Differential expression and regulation of a human transgene, HLA-B27, in mouse placental and embryonic cell lines.

作者信息

Hunt J S, Banerjee S, Pace J L

机构信息

Department of Anatomy and Cell Biology, University of Kansas Medical Center, Kansas City 66160-7400, USA.

出版信息

Mol Hum Reprod. 1998 Aug;4(8):817-25. doi: 10.1093/molehr/4.8.817.

DOI:10.1093/molehr/4.8.817
PMID:9733441
Abstract

Unlike other somatic cells, human placental trophoblast cells do not express the highly polymorphic HLA-A and HLA-B human leukocyte major histocompatibility antigens that would stimulate maternal immunological rejection of the fetus. To investigate mechanisms underlying cell lineage-specific expression, cell lines were generated from homozygous matings of HLA-B27 transgenic mice. Trophoblast cell lines were generated from gestation day 10 placentas and fibroblasts were cultured from gestation day 13/14 embryos. Polymerase chain reaction (PCR) readily identified HLA-B DNA in transgenic trophoblastic cells but specific mRNA was of low abundance, being detectable by reverse transcriptase PCR but not by Northern blot hybridization. HLA-B-specific protein in/on the trophoblast cells was undetectable by cell enzyme-linked immunosorbent assay and the protein was not induced by exposing the trophoblastic cells to interferon-gamma (IFN-gamma). Restricted expression was specific for the HLA-B transgene and its antigen; IFN-gamma-inducible endogenous H-2Db class I antigens were detectable on the trophoblast cells. In contrast to the trophoblastic cells, HLA-B27 transgenic fibroblasts expressed IFN-gamma-inducible HLA class I antigens as well as H-2Db antigens.
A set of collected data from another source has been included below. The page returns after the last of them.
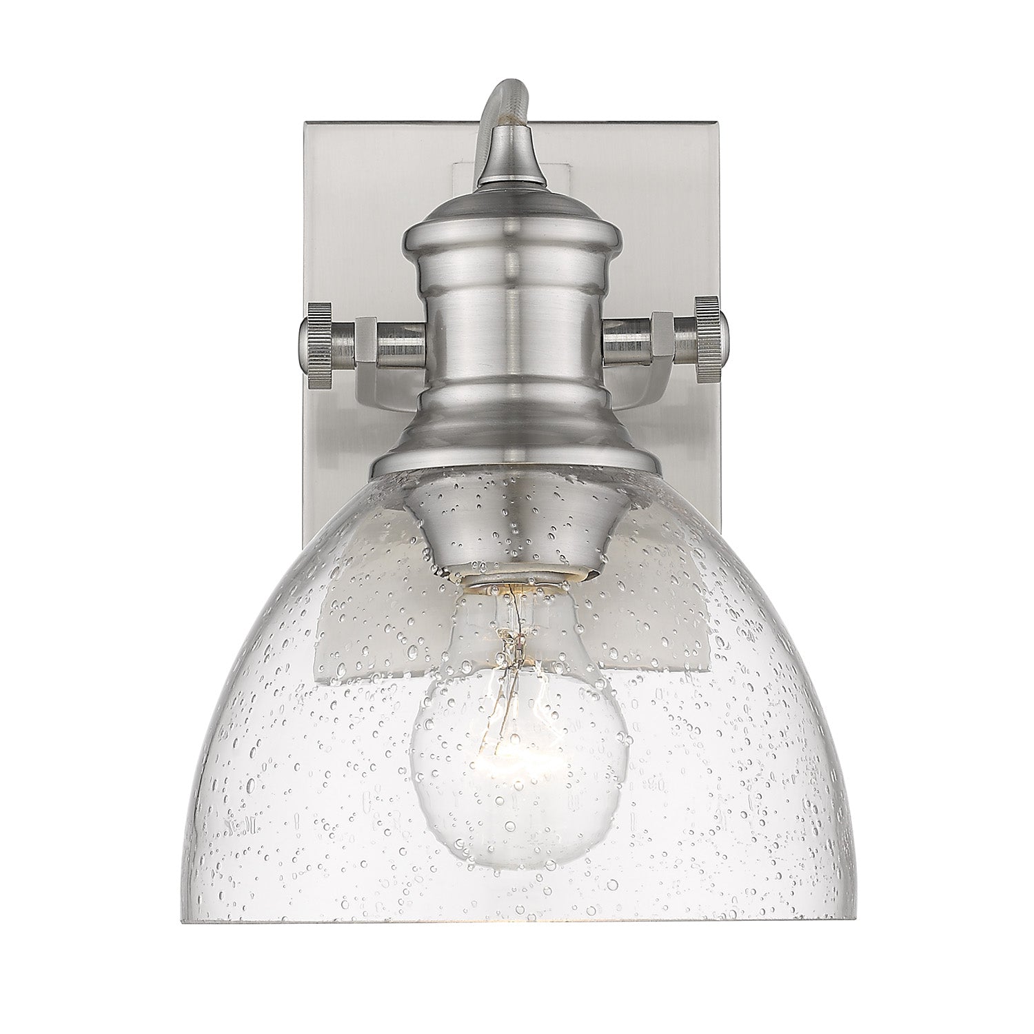 Hines 1-Light Bath Vanity in Pewter with Seeded Glass
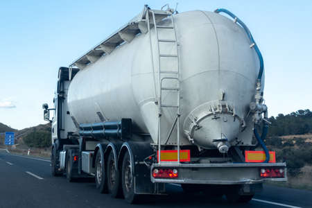 Silo truck for the transportation of bulk cement on a mountain road by the sea and at sunrise.
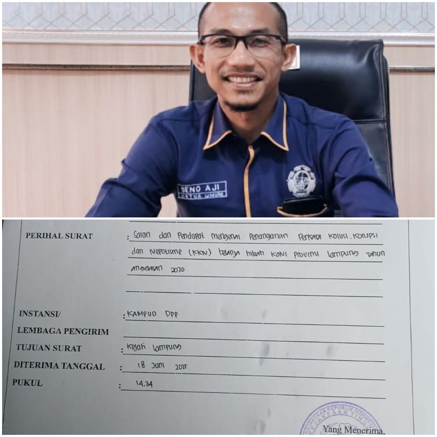 “Berdasarkan peraturan pemerintah (PP) nomor 43 tahun 2018 pasal 11 yang pada intinya menyatakan masyarakat dapat menyampaikan saran dan pendapat secara bertanggungjawab kepada aparat penegak hukum mengenai penanganan perkara korupsi, maka DPP KAMPUD secara formal telah mendaftarkan saran dan pendapat atas permintaan penetapan tersangka lain khususnya mantan ketua umum KONI Provinsi Lampung yaitu berinisial MYSB, adapun dasar penetapan tersangka lain hasil kajian terhadap dokumen laporan hasil audit independen dengan nomor laporan LI.22/MCI-KjkTngLpg/1114 yang ditujukan kepada Kepala Kejati Lampung perihal perhitungan kerugian keuangan negara atas perkara dugaan tindak pidana korupsi penyalahgunaan anggaran belanja hibah Pemerintah Provinsi Lampung tahun anggaran 2020 kepada pengurus KONI Provinsi Lampung”, jelas Seno Aji.

Thus, the mechanism(s) regulating expression of the polymorphic HLA-B antigen in trophoblastic cells is gene-specific, IFN-gamma-resistant and operative at the level of transcription or immediate post-transcription.

摘要

与其他体细胞不同,人胎盘滋养层细胞不表达高度多态的HLA - A和HLA - B人类白细胞主要组织相容性抗原,这些抗原会刺激母体对胎儿的免疫排斥反应。为了研究细胞谱系特异性表达的潜在机制,从HLA - B27转基因小鼠的纯合交配中产生了细胞系。滋养层细胞系从妊娠第10天的胎盘产生,成纤维细胞从妊娠第13/14天的胚胎中培养。聚合酶链反应(PCR)很容易在转基因滋养层细胞中鉴定出HLA - B DNA,但特异性mRNA丰度较低,可通过逆转录酶PCR检测到,但不能通过Northern印迹杂交检测到。通过细胞酶联免疫吸附测定无法检测到滋养层细胞内/表面的HLA - B特异性蛋白,并且将滋养层细胞暴露于干扰素 - γ(IFN - γ)不会诱导该蛋白产生。限制性表达是HLA - B转基因及其抗原所特有的;在滋养层细胞上可检测到IFN - γ诱导的内源性H - 2Db I类抗原。与滋养层细胞相反,HLA - B27转基因成纤维细胞表达IFN - γ诱导的HLA I类抗原以及H - 2Db抗原。因此,调节滋养层细胞中多态性HLA - B抗原表达的机制是基因特异性的、对IFN - γ有抗性的,并且在转录或转录后即刻水平起作用。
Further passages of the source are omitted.